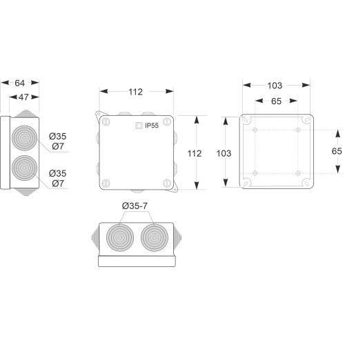 3011 | Caja estanca 7 conos IP55 112x112x64
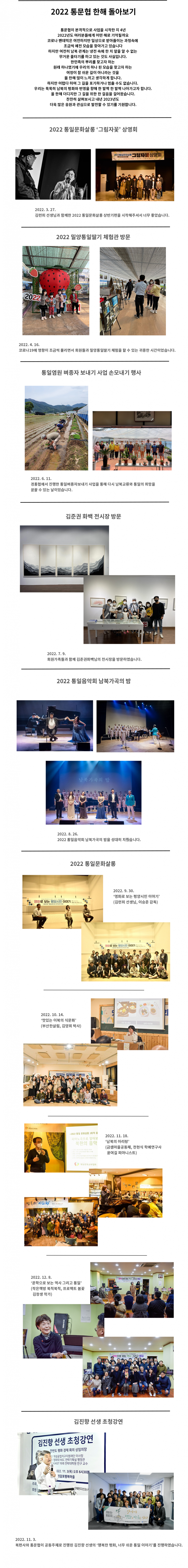 2022 통문협 한해 돌아보기 페이지 정보 작성자 통문협 조회1,467회 작성일 22-12-15 00:37 본문 2022 통문협 한해 돌아보기일 년을 함께 열심히 살아 주신 모든 분들정말 감사합니다. 이전글통일딸기따기체험 23.03.20 다음글딸기밭에서 평화를 노래하다 - 경통협 2022통일음악회 22.10.12 목록
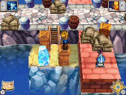 Golden Sun: Dark Dawn: Torrent is located at the upper right port screen of the settlement of Belinsk, and can be gotten as soon as Belinsk is first entered. Go to the port, and you can see Torrent below a bunch of sacks that block your way to it. Climb down the ladder left of it, cast Cold Snap Psynergy on the puddle, move the tall crate to the upper left of it one space right, and move the tall crate to the upper right of it two spaces down and one space left. Climb up the ladder and hop across these to get Torrent easily. Unlike most Djinn in the Morgal region that are missable, Torrent remains available to get up until the very moment you decide to permanently leave Belinsk on the sailing ship, because the final scenes in Belinsk take place in the very same screen. If you answer yes to Eoleo's question "Time to push off?" while Torrent is still uncollected south of the ship, Torrent will be permanently missed.

§ Work to complete: Nothing but the lines from the first line of the data through the line with "2022 통문협 한해 돌아보기 페이지" belongs in the answer, copied exactly and without pictures.

§ Written reply:
 3011 | Caja estanca 7 conos IP55 112x112x64
 2022 통문협 한해 돌아보기 페이지 정보 작성자 통문협 조회1,467회 작성일 22-12-15 00:37 본문 2022 통문협 한해 돌아보기일 년을 함께 열심히 살아 주신 모든 분들정말 감사합니다. 이전글통일딸기따기체험 23.03.20 다음글딸기밭에서 평화를 노래하다 - 경통협 2022통일음악회 22.10.12 목록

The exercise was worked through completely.